[Opening RECORDS FOR PROCESSING section]

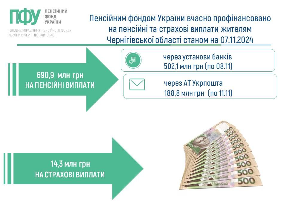 Пенсійним фондом України вчасно профінансовано на пенсійні та страхові виплати жителям Чернігівської області станом на 07.11.2024
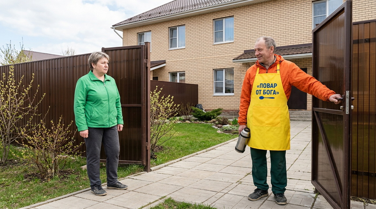 Стук раздался через десять минут. Людмила открыла входную дверь и увидела Краснова с термосом в руках. Он был в дурацком фартуке с надписью «Повар от Бога», и вид у него был такой, будто он сам не уверен, что правильно делает.
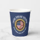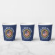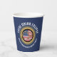 Customisable 2024 TOTAL SOLAR ECLIPSE USA Paper Cups in BLUE, with CUSTOMIZABLE TEXT, to celebrate the Total Solar Eclipse over Continental USA, Canada and Mexico in April 2024. The CUSTOMIZABLE TEXT reads TOTAL SOLAR ECLIPSE and [FAMILY NAME] Watch Party. You can use the top curved text field for a longer sentence if required (and delete the bottom curved text). The design shows a solar eclipse with gold-effect 2024 in the middle and the USA flag behind it. Buy these USA solar eclipse Paper Cups for all the family or for your watch party guests! The totality will be totally worth it! Matching USA party supplies available.
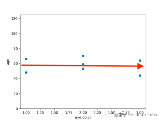 在上一个散点图中,我们看到一些点没有明显的斜率。该相关性的r值为-0.126163。年龄和眼睛颜色之间没有显著的相关性。这也应该说得通,因为眼睛的颜色不应该随着孩子长大而改变。如果这种关系显示出很强的相关性,我们会想要检查数据来找出原因。
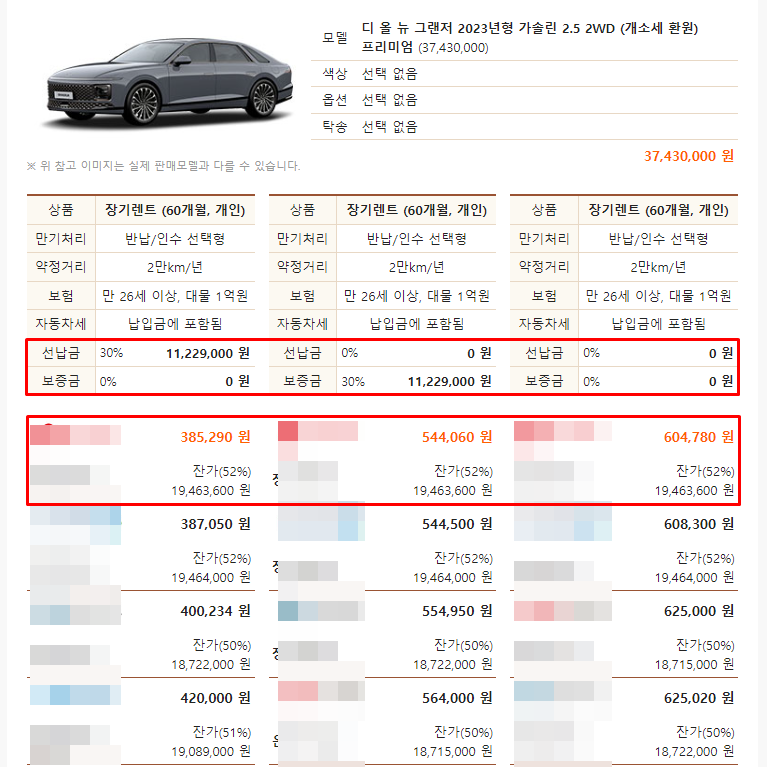 오늘은 그랜저 장기렌트 가격 비교를 통해
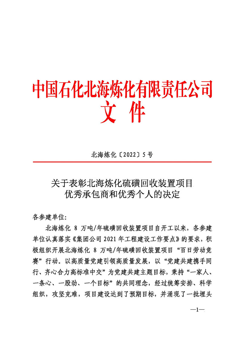 公司荣获中石化北海炼化硫磺回收装置项目“优秀承包商”荣誉称号 谢开波荣获“项目管理先进个人”荣誉称号
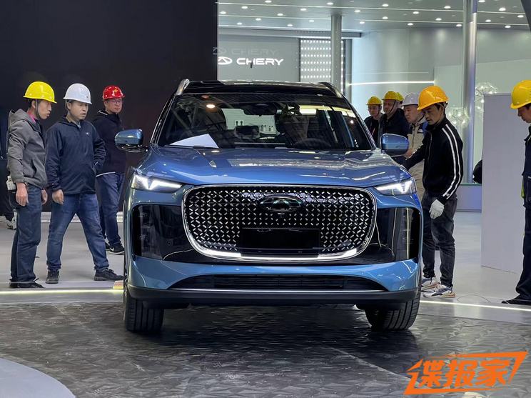 来看新车,其外观较奇瑞目前的产品有着很大的区别,前脸大尺寸格栅还保留着一定的品牌特征,其内部采用封闭式处理并加入方形装饰,看上去有着不错的品质感。两侧大灯采用了全新的设计风格,点亮后十分吸引眼球。

[Closing RECORDS FOR PROCESSING section]

[EXERCISE]: What is needed is a word-for-word restatement of the lines from the one holding "在上一个散点图中,我们看到一" to the final line of the data above, inclusive, without any pictures.

[TASK RESPONSE]:
 在上一个散点图中,我们看到一些点没有明显的斜率。该相关性的r值为-0.126163。年龄和眼睛颜色之间没有显著的相关性。这也应该说得通,因为眼睛的颜色不应该随着孩子长大而改变。如果这种关系显示出很强的相关性,我们会想要检查数据来找出原因。
 오늘은 그랜저 장기렌트 가격 비교를 통해
 公司荣获中石化北海炼化硫磺回收装置项目“优秀承包商”荣誉称号 谢开波荣获“项目管理先进个人”荣誉称号
 来看新车,其外观较奇瑞目前的产品有着很大的区别,前脸大尺寸格栅还保留着一定的品牌特征,其内部采用封闭式处理并加入方形装饰,看上去有着不错的品质感。两侧大灯采用了全新的设计风格,点亮后十分吸引眼球。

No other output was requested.